Given records: Begin
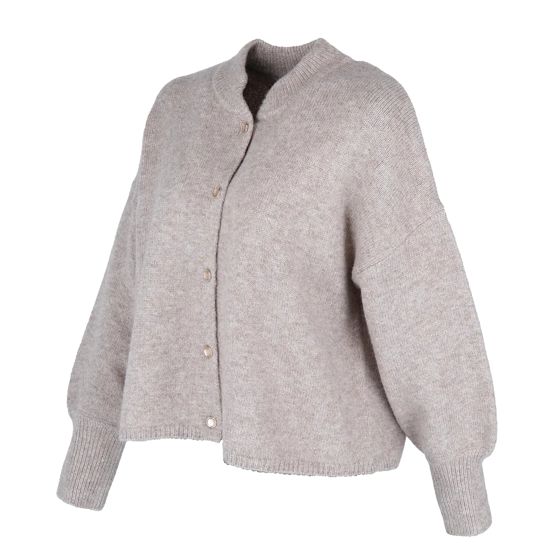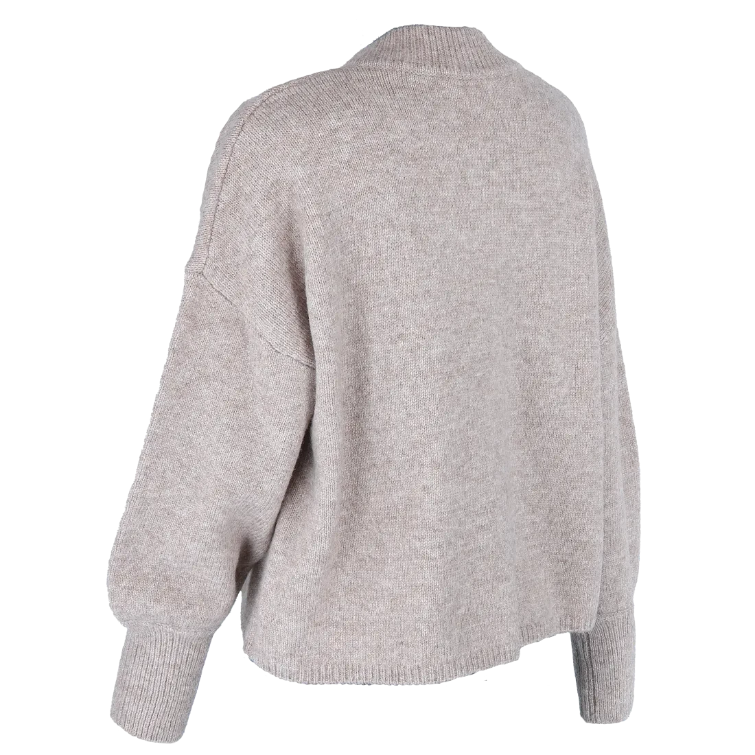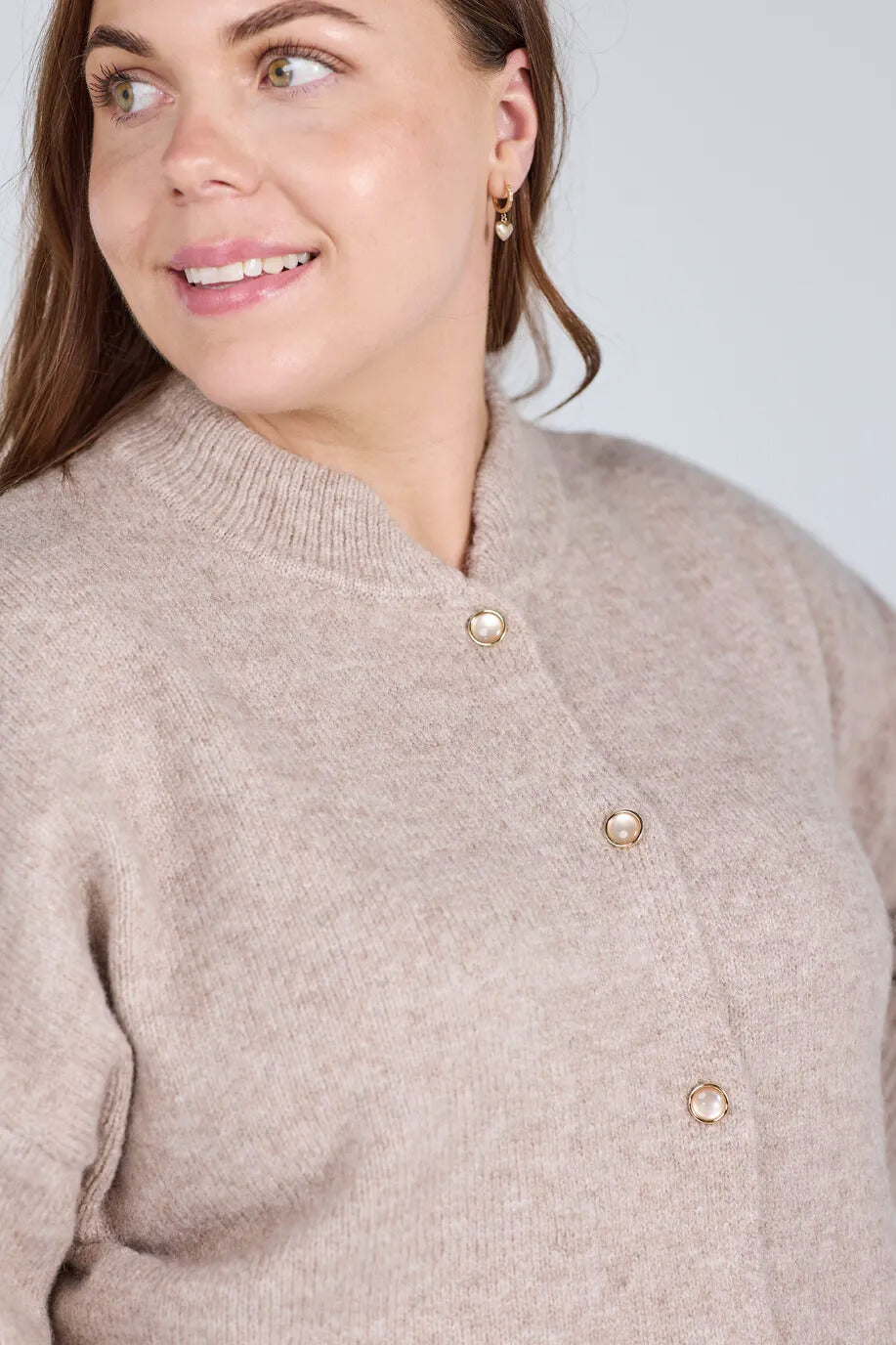 En myk og varm cardigan med feminine detaljer. Den har rund hals, ribbestrikkede kanter og en rett, litt kortere passform som gjør den enkel å style.
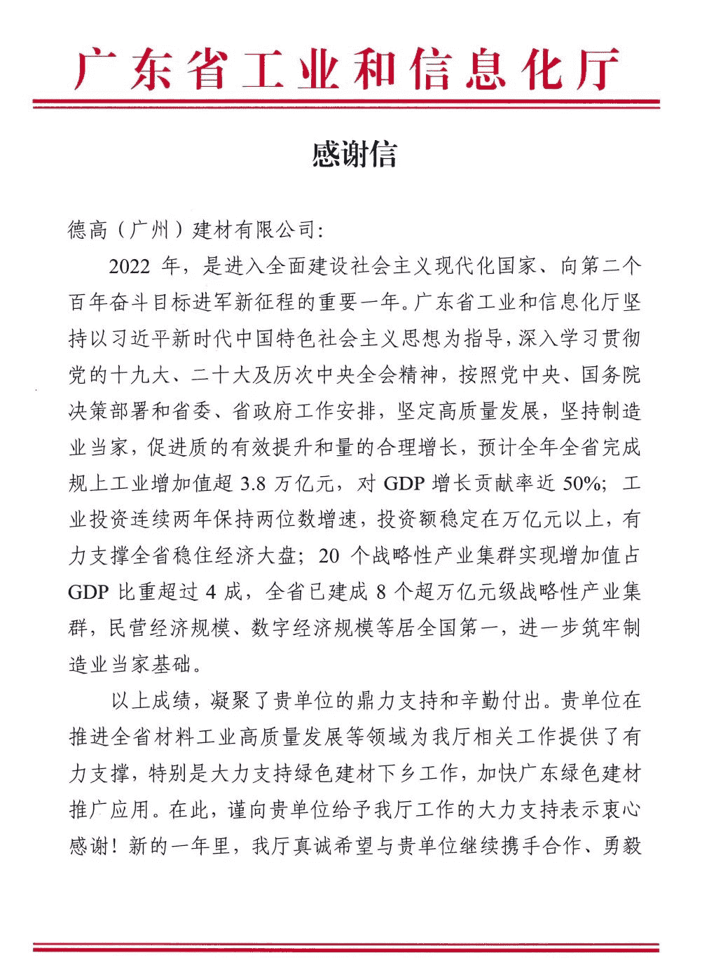 近日,西卡德高收到來自廣東省工業(yè)和信息化廳的感謝信,信中對于西卡德高在綠色建材下鄉(xiāng)工作所給予的大力支持表示衷心感謝,同時希望在新的一年里,雙方繼續(xù)攜手,在探索中國式現(xiàn)代化建設的廣東實踐中書寫新篇章、創(chuàng)造新輝煌。
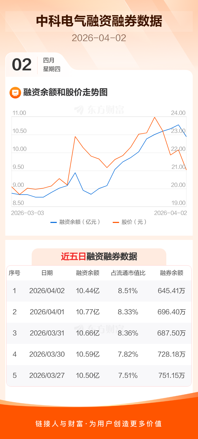 交易所最新数据显示,中科电气于2026年4月2日获融资买入1.05亿元,融资偿还1.37亿元,当日融资净偿还3243.5万元。目前,该股融资余额10.44亿,占流通市值比例为8.51%。
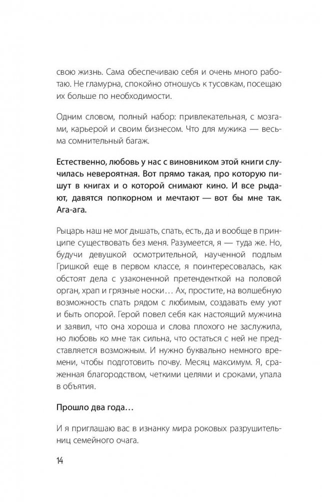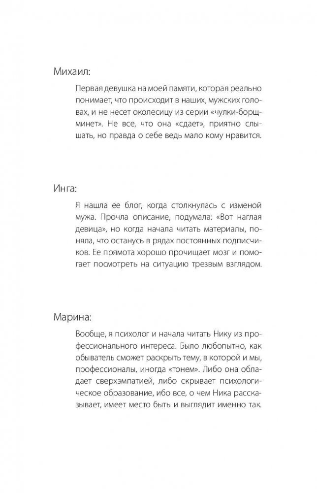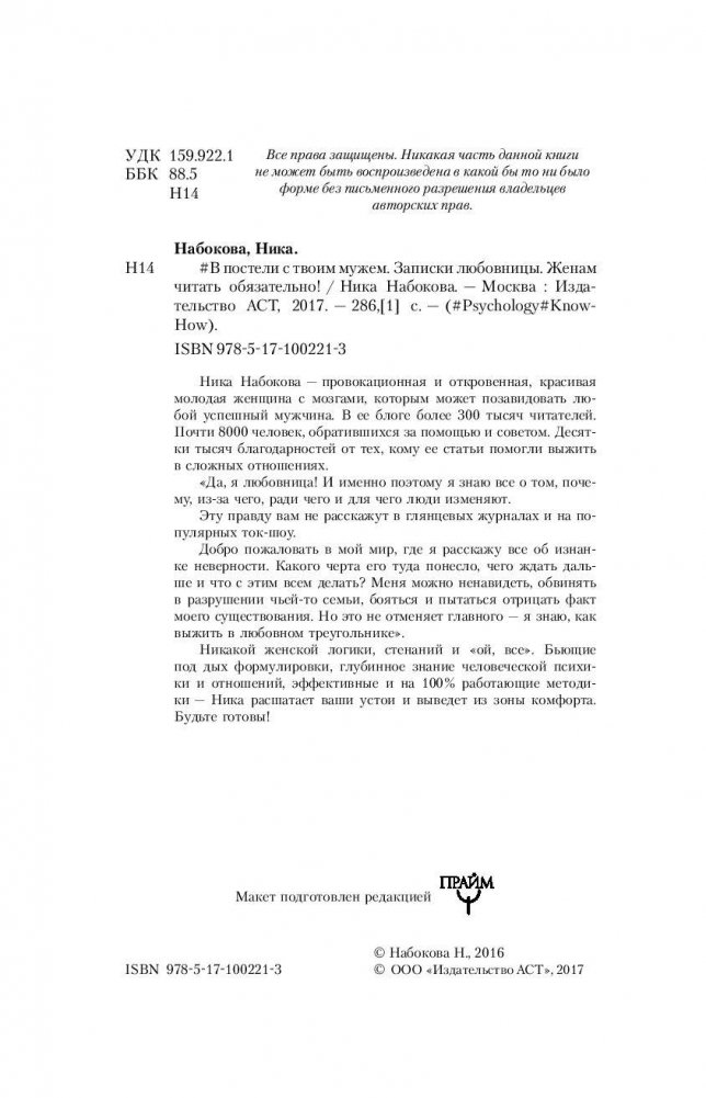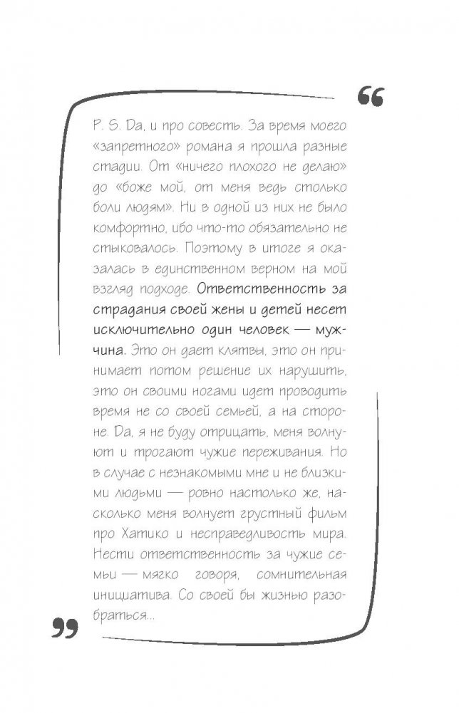 Ника Набокова – провокационная и откровенная, красивая молодая женщина с мозгами, которым может позавидовать любой успешный мужчина. В ее блоге более 300 тысяч читателей. Почти 8000 человек, обратившихся за помощью и советом. Десятки тысяч благодарностей от тех, кому ее статьи помогли выжить в сложных отношениях. «Да, я любовница! И именно поэтому я знаю все о том, почему, из-за чего, ради чего и для чего люди изменяют. Эту правду вам не расскажут в глянцевых журналах и на популярных ток-шоу. Добро пожаловать в мой мир, где я расскажу все об изнанке неверности. Какого черта его туда понесло, чего ждать дальше и что с этим всем делать? Меня можно ненавидеть, обвинять в разрушении чьей-то семьи, бояться и пытаться отрицать факт моего существования. Но это не отменяет главного – я знаю, как выжить в любовном треугольнике». Никакой женской логики, стенаний и «ой, все». Бьющие под дых формулировки, глубинное знание человеческой психики и отношений, эффективные и на 100% работающие методики – Ника расшатает ваши устои и выведет из зоны комфорта. Будьте готовы!
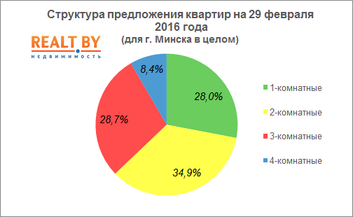 Структура предложения по типам квартир выглядит на 29 февраля следующим образом:
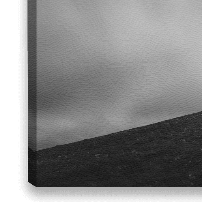 Zwart-wit beeld van een klein (kunst) kerkje, gebouwd op een heuvel onder een wolkenhemel, genomen met lange sluitertijd om de beweging in de lucht te accentueren. Het is een beeld dat het geloof kan tonen als baken in roerige tijden.
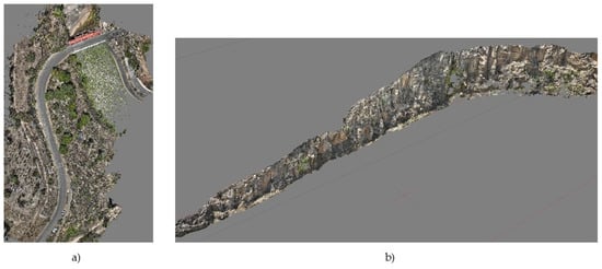 Figure 7 presents two comparative views of the generated 3D model: Figure 7a shows the full model, which includes the immediate surroundings of the slope, while Figure 7b displays the delimited point cloud, focused exclusively on the rocky slope face for detailed geomechanical analysis.
Given records: End
● **Work instruction**
Leaving out the pictures, print each line of the records above from the first up to and including the one that contains "Zwart-wit beeld van", exactly as written.

● **Answer to the exercise**
 En myk og varm cardigan med feminine detaljer. Den har rund hals, ribbestrikkede kanter og en rett, litt kortere passform som gjør den enkel å style.
 近日,西卡德高收到來自廣東省工業(yè)和信息化廳的感謝信,信中對于西卡德高在綠色建材下鄉(xiāng)工作所給予的大力支持表示衷心感謝,同時希望在新的一年里,雙方繼續(xù)攜手,在探索中國式現(xiàn)代化建設的廣東實踐中書寫新篇章、創(chuàng)造新輝煌。
 交易所最新数据显示,中科电气于2026年4月2日获融资买入1.05亿元,融资偿还1.37亿元,当日融资净偿还3243.5万元。目前,该股融资余额10.44亿,占流通市值比例为8.51%。
 Ника Набокова – провокационная и откровенная, красивая молодая женщина с мозгами, которым может позавидовать любой успешный мужчина. В ее блоге более 300 тысяч читателей. Почти 8000 человек, обратившихся за помощью и советом. Десятки тысяч благодарностей от тех, кому ее статьи помогли выжить в сложных отношениях. «Да, я любовница! И именно поэтому я знаю все о том, почему, из-за чего, ради чего и для чего люди изменяют. Эту правду вам не расскажут в глянцевых журналах и на популярных ток-шоу. Добро пожаловать в мой мир, где я расскажу все об изнанке неверности. Какого черта его туда понесло, чего ждать дальше и что с этим всем делать? Меня можно ненавидеть, обвинять в разрушении чьей-то семьи, бояться и пытаться отрицать факт моего существования. Но это не отменяет главного – я знаю, как выжить в любовном треугольнике». Никакой женской логики, стенаний и «ой, все». Бьющие под дых формулировки, глубинное знание человеческой психики и отношений, эффективные и на 100% работающие методики – Ника расшатает ваши устои и выведет из зоны комфорта. Будьте готовы!
 Структура предложения по типам квартир выглядит на 29 февраля следующим образом:
 Zwart-wit beeld van een klein (kunst) kerkje, gebouwd op een heuvel onder een wolkenhemel, genomen met lange sluitertijd om de beweging in de lucht te accentueren. Het is een beeld dat het geloof kan tonen als baken in roerige tijden.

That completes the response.